FIG. 1 is a longitudinal cross-sectional view showing the state in which the wafer surface is vacuum chucked on a surface grinding plate. FIG. 2 is a sectional view showing a state in which the back surface of the wafer is surface ground. FIG. 3 is a longitudinal cross-sectional view showing a state in which the back surface of the wafer is polished. FIG. 4 is a longitudinal sectional view showing a state in which wax is applied to the back surface of the wafer. FIG. 5 is a longitudinal sectional view showing a state in which a polishing plate is pressed against the back surface of a wafer coated with wax. FIG. 6 is a vertical cross-sectional view of the wafer and polishing plate in a state where the vacuum chuck has been released and the wafer has been removed from the surface grinding surface plate. 1... Surface grinding surface plate 2 -e... Wafer 3... Vacuum suction hole 4... Grinding wheel 5... Puff surface plate for polishing 6... Wafer Sufu...

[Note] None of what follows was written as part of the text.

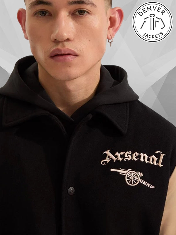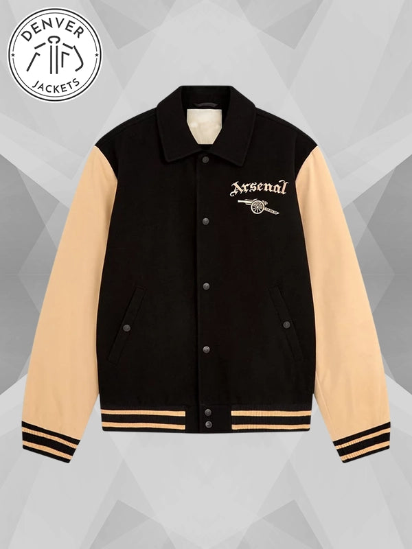 Re-Creation | Arsenal North London Classic Black Varsity Bomber Jacket
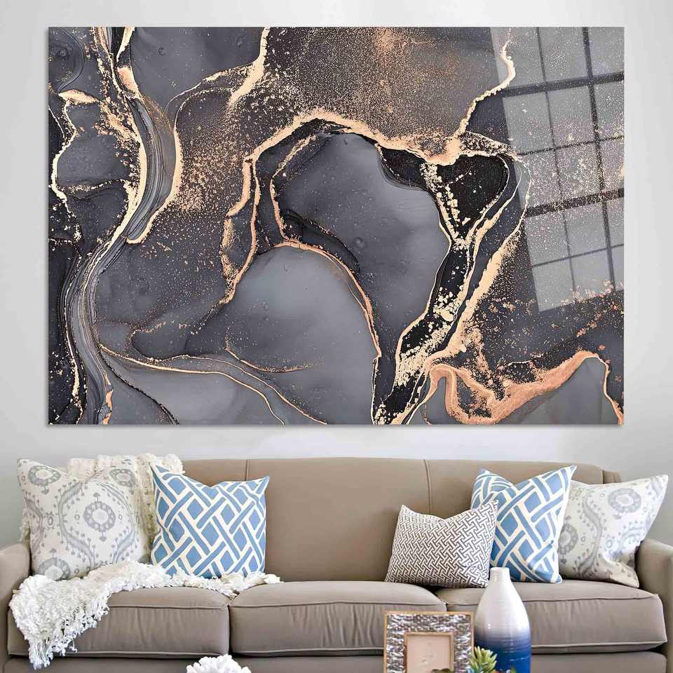 ภาพพิมพ์กระจกสีสไตล์โมเดิร์นบนผ้าใบ: ดีไซน์ลายหินอ่อนสีเทาและสีทองสุดหรู ศิลปะกระจกนิรภัย

Polishing plate inventor Takashi Nishiura
Happy Patent Applicant: Sumitomo Electric Industries, Ltd.

Claims (1)

[Claims] After fixing the front side of the semiconductor wafer to a polishing surface plate using a vacuum chuck, and grinding and polishing the back side of the wafer,
A method for polishing a semiconductor wafer, which comprises applying wax to the back surface of the wafer, pressing a polishing plate to the wax-coated back surface of the wafer, releasing the vacuum chuck, and removing the wafer and polishing plate from the grinding surface plate.